By definition, all random walks have a unit root.
when AR1 model b0=1 we call it Unit root.
Therefore, MRL=1/(1-1)=0 undefine.
Example:
A stock that follows a random walk with unit root, so the predication for it’s next value is last value?????
Q2?
The first difference for random walk is Yt=change in Xt
Using first difference make the time series coverance stationary with finite MRL=0/1-0=0 = finite????
What the difference between:
MRL=0/(1-1)=0 undefine
MRL=0/1-0=0 = finite
What make them differ???

Q3?
Is the following is right?
Unit root b0=1 it could be random walk when b1=1??
Q4?
Why stock that follows a random walk is defined as having a unit root.
It may be b1=0 not 1????

 

[S2000magician]

Let
Xt = b0 + b1×X(t-1) + εt
If b1 = 1, the model has a unit root, and the mean-reverting level is undefined.
If b1 = 1 and b0 = 0, the model is a random walk.
If b1 = 1 and b0 ≠ 0, the model is a random walk with drift.
Therefore:

• If the model has a unit root
  • It is a random walk if b0 = 0
  • It is a random walk with drift if b0 ≠ 0
• If the model is a random walk, it has a unit root
• If the model is a random walk with drift, it has a unit root

 

[S2000magician]

Saleh.alabdali wrote:Q1:
Random walk is a special case of AR1, where b0=0 & b1=1.
Therefore, MRL=0/(1-1)=0 undefine.
Example:
A stock that follows a random walk has no mean reversion level, so you can’t predict which direction it is likely to trend in the future???????
Random walk with a drift: b0=1
If a time series is a random walk wit a drift, the next predication for it’s next value is last value.
By definition, all random walks have a unit root.
when AR1 model b0=1 we call it Unit root.
Therefore, MRL=1/(1-1)=0 undefine.
Example:
A stock that follows a random walk with unit root, so the predication for its next value is last value?????

Correct.

Saleh.alabdali wrote:Q2?
The first difference for random walk is Yt=change in Xt
Using first difference make the time series covariance stationary with finite MRL=0/(1-0)=0 = finite????
What the difference between:
MRL=0/(1-1)=0 undefine
MRL=0/(1-0)=0 = finite
What make them differ???

The first has a denominator of zero, so it is undefined.
The second has a denominator of one, so it is defined, and 0/1 = 0.

Saleh.alabdali wrote:Q3?
Is the following is right?
Unit root b0=1 it could be random walk when b1=1??

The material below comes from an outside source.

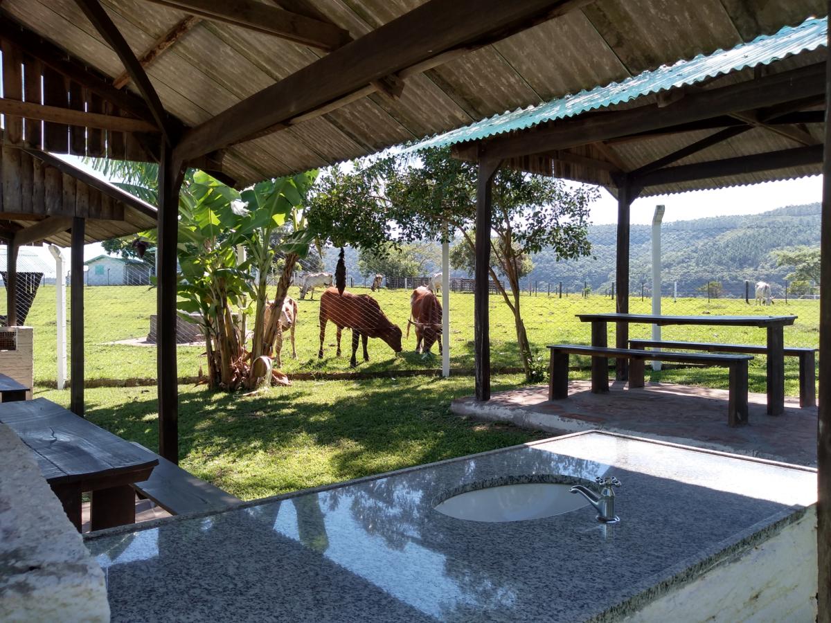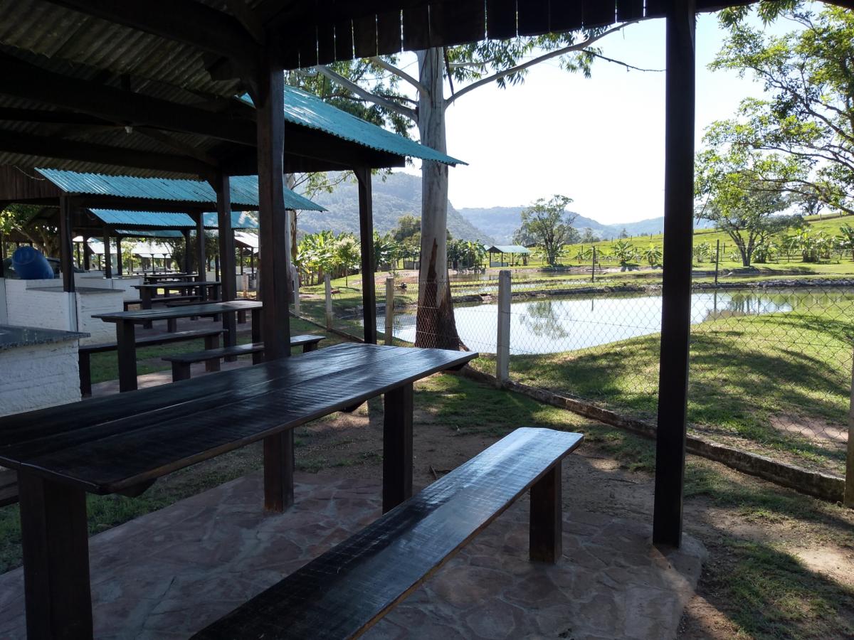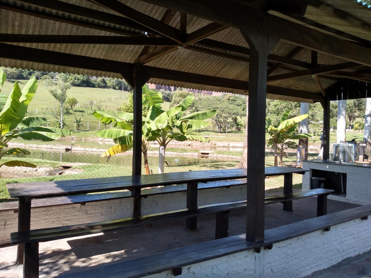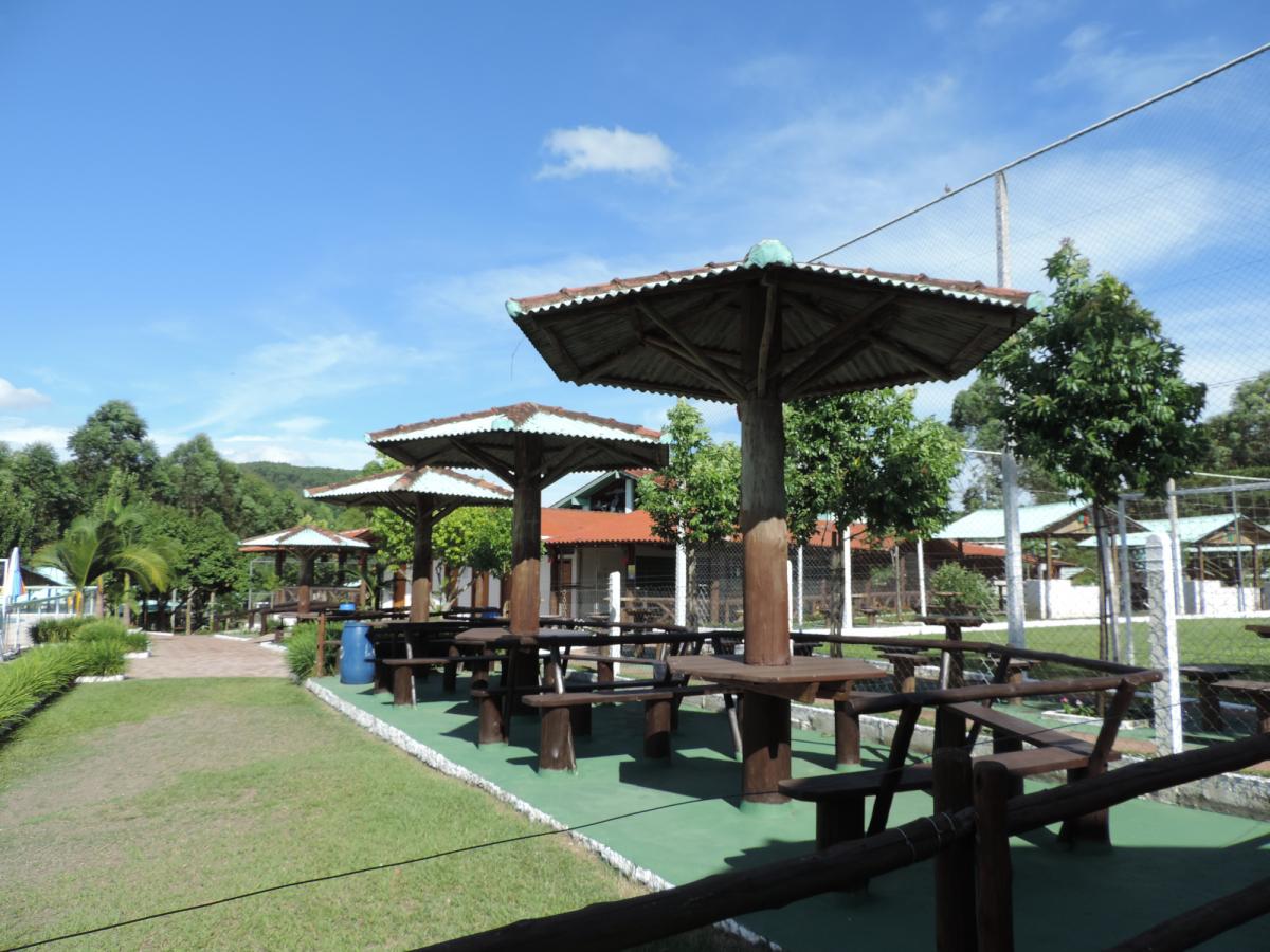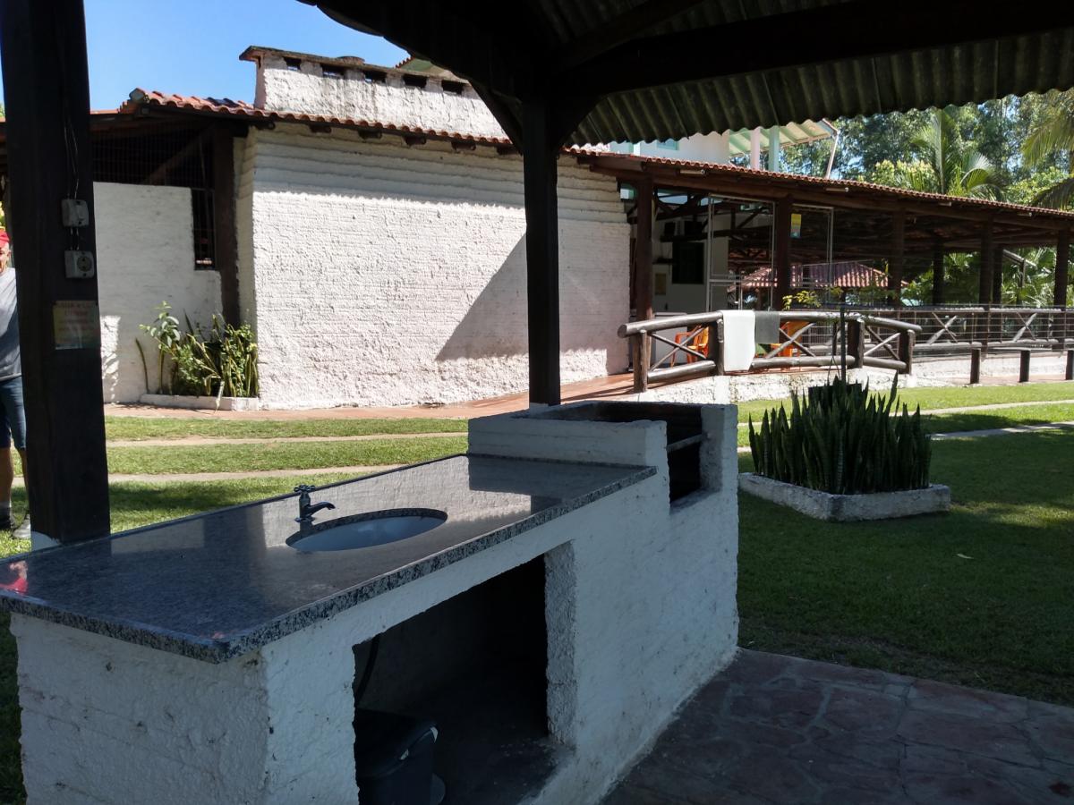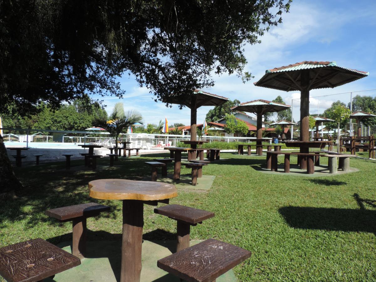 Quiosques cobertos com mesa, pia, churrasqueira localizados próximos aos lagos.

A unit root is not defined as b0 = 1; a unit root is defined as b1 = 1.

Saleh.alabdali wrote:Q4?
Why stock that follows a random walk is defined as having a unit root.
It may be b1=0 not 1????

Because b1 = 1.

 

[Saleh.alabdali]

Thanks a lot S2000magician

 

[S2000magician]

My pleasure.

 

[Saleh.alabdali]

My master S2000magician
I summarize what I got from U in the following link;
https://www.dropbox.com/sh/0c6ht68g902sghk/Eoz8zgIpW5#/
again thanks a lot.

 

[S2000magician]

Saleh.alabdali wrote:
My master S2000magician
I summarize what I got from U in the following link;
https://www.dropbox.com/sh/0c6ht68g902sghk/Eoz8zgIpW5#/
again thanks a lot.

Again, my pleasure.
In your summary, I’d encourage you to put parentheses around the denominators – 0/(1-1), 1/(1-1), and so on – to make it absolutely clear what you intend.